Purpose: To assess target coverage and dose homogeneity using conventional radiotherapy (RT) and intensity-modulated RT (IMRT) with anterior and posterior beams for elective irradiation of the cervical lymph nodes in patients with head and neck cancer.
Materials and methods: A planning study was performed in six patients who had undergone radical RT for head and neck cancer. RT plans to irradiate the cervical lymph nodes using a single anterior field, or opposed anterior and posterior fields, with 6 or 10 MV photons were compared. Plans using IMRT for missing-tissue compensation were also studied. An algorithm was developed to guide clinicians to the most appropriate treatment technique depending on the nodal groups to be irradiated.

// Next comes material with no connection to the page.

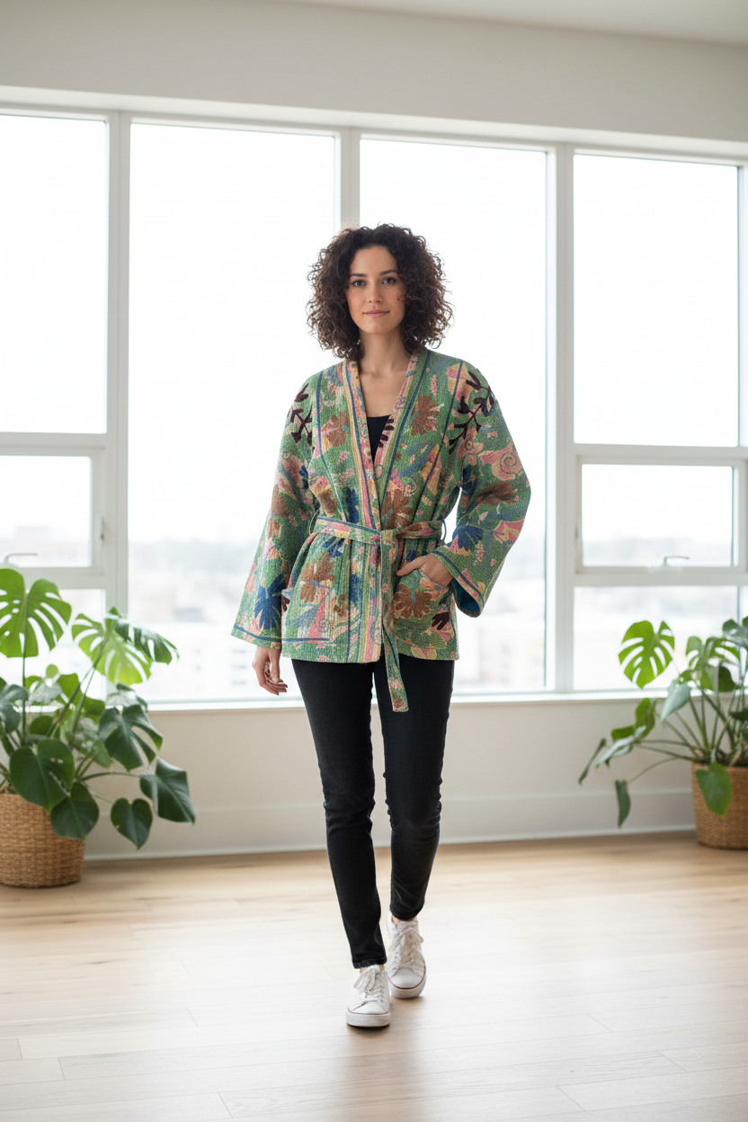 With its vintage-inspired Suzani embroidery on one side and traditional Kantha hand-stitching on the other, this piece effortlessly blends bold design with cozy comfort. Made from 100% repurposed cotton textiles, this jacket is reversible, making it like two jackets in one! a Side One features a lush green base adorned with multicolored floral and leafy motifs in earthy browns, deep blues, rosy pinks, and sunny yellows. Accents of peach, coral, and sky blue add a whimsical charm, with intricate kantha stitching throughout for texture and depth. Side Two offers a more serene palette with a cool blue base, embellished with muted brown and dark plum floral embroidery. Hints of the vibrant green and multicolor patterns from the reverse peek through the neckline and interior, creating a harmonious blend.
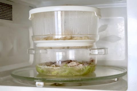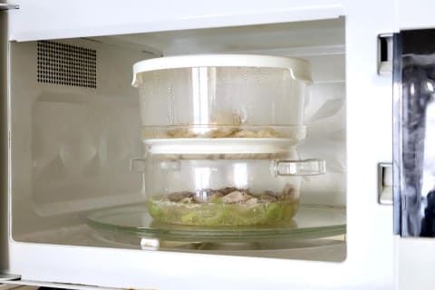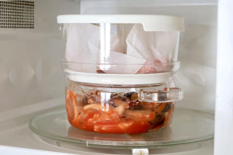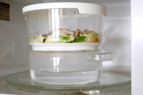 使い方は簡単です。ガラスせいろの下段に300mlの水を入れ、その上に上段を重ねて中に食材を並べたら、フタをして電子レンジにセット。あとは、600Wで6分加熱するだけ。

Results: With 6 MV single field (SF) irradiation significant under-dose (minimum dose <70% of prescription dose) was seen in nodal groups II and V, due to their posterior position. With SF 10 MV the mean dose to level II was higher (p<0.001) and dose homogeneity to levels Ib and II was improved. Using opposed fields (OF), minimum doses to the nodes in levels II and V were improved. OF using 10 MV showed significant advantage over 6 MV with reduction of maximum doses to levels II, III and V. SF 10 MV IMRT improved maximum doses to levels Ib and II compared to SF 6 MV IMRT. OF IMRT gave the best dose distributions with optimal mean dose and dose homogeneity. Beam energy made no difference with OF IMRT.
Conclusions: The optimal technique for elective cervical node irradiation depends on the lymph node levels within the PTV. If irradiation of the level II or V nodes is required, then the OF IMRT technique with either 6 or 10 MV gives the best dose distributions. In the absence of IMRT, then OF conventional techniques are best. If the aim is to irradiate levels III and IV or level IV only, then 6 MV SF non-IMRT is the simplest technique.